• **ABOUT THIS EXERCISE**
Copy out all of the data word for word. Omit every picture.

• **PROVIDED MATERIAL**

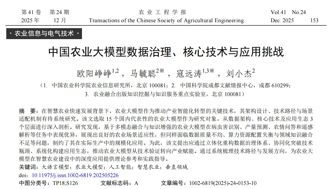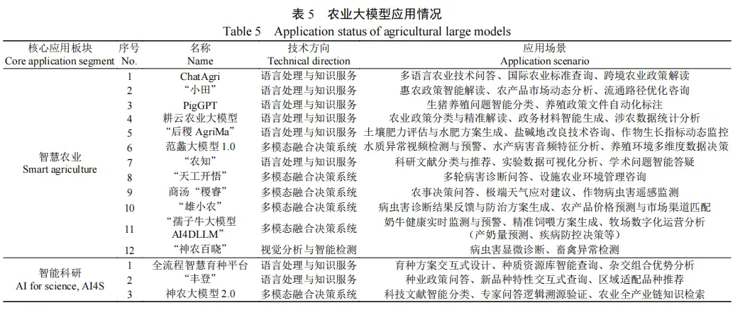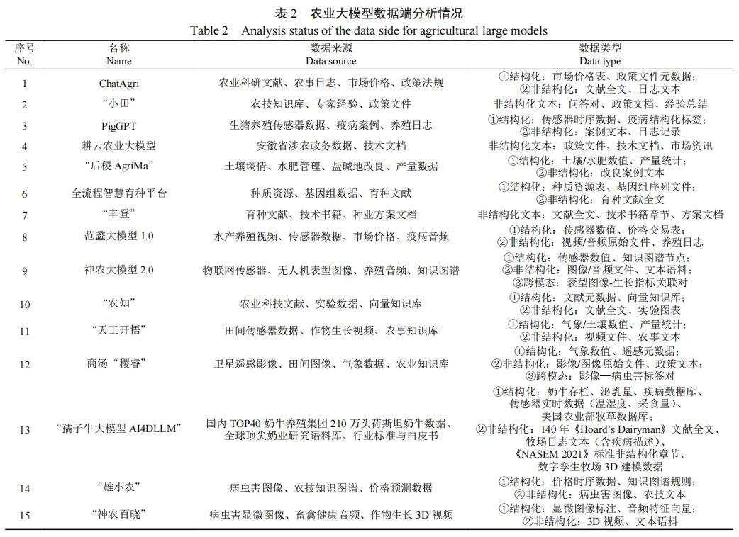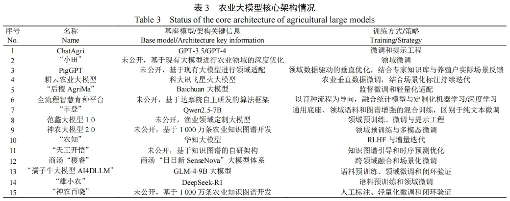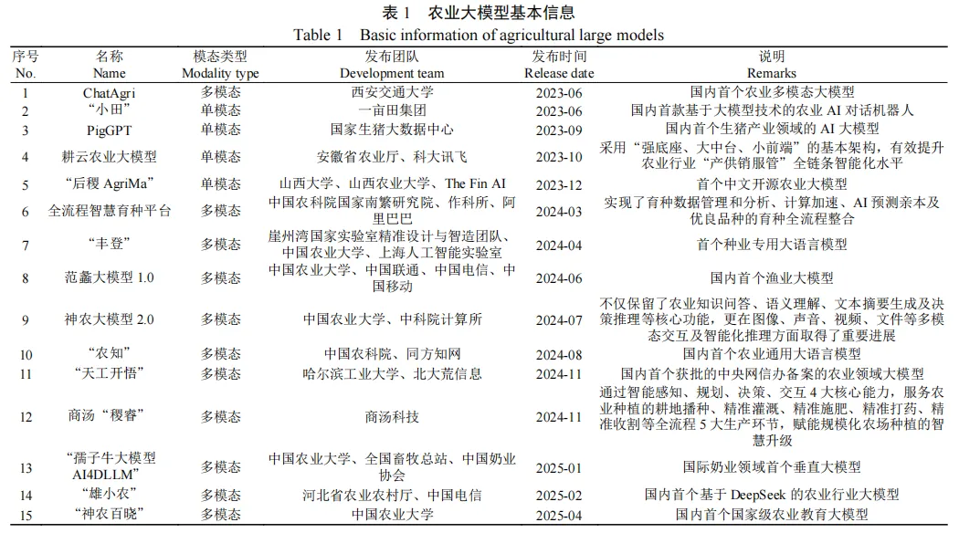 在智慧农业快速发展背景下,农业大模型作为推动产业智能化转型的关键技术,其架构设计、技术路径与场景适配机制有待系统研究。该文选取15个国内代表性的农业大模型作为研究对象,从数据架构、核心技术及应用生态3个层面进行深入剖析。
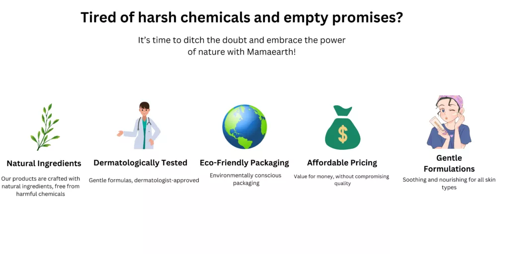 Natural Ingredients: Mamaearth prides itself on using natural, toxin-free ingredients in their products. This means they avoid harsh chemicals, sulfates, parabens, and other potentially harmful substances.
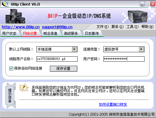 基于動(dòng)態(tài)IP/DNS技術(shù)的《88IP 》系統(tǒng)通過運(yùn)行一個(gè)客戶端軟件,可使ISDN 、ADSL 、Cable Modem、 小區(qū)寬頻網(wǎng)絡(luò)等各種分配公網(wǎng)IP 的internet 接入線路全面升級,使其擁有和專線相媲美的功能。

• **COMPLETED EXERCISE**
 在智慧农业快速发展背景下,农业大模型作为推动产业智能化转型的关键技术,其架构设计、技术路径与场景适配机制有待系统研究。该文选取15个国内代表性的农业大模型作为研究对象,从数据架构、核心技术及应用生态3个层面进行深入剖析。
 Natural Ingredients: Mamaearth prides itself on using natural, toxin-free ingredients in their products. This means they avoid harsh chemicals, sulfates, parabens, and other potentially harmful substances.
 基于動(dòng)態(tài)IP/DNS技術(shù)的《88IP 》系統(tǒng)通過運(yùn)行一個(gè)客戶端軟件,可使ISDN 、ADSL 、Cable Modem、 小區(qū)寬頻網(wǎng)絡(luò)等各種分配公網(wǎng)IP 的internet 接入線路全面升級,使其擁有和專線相媲美的功能。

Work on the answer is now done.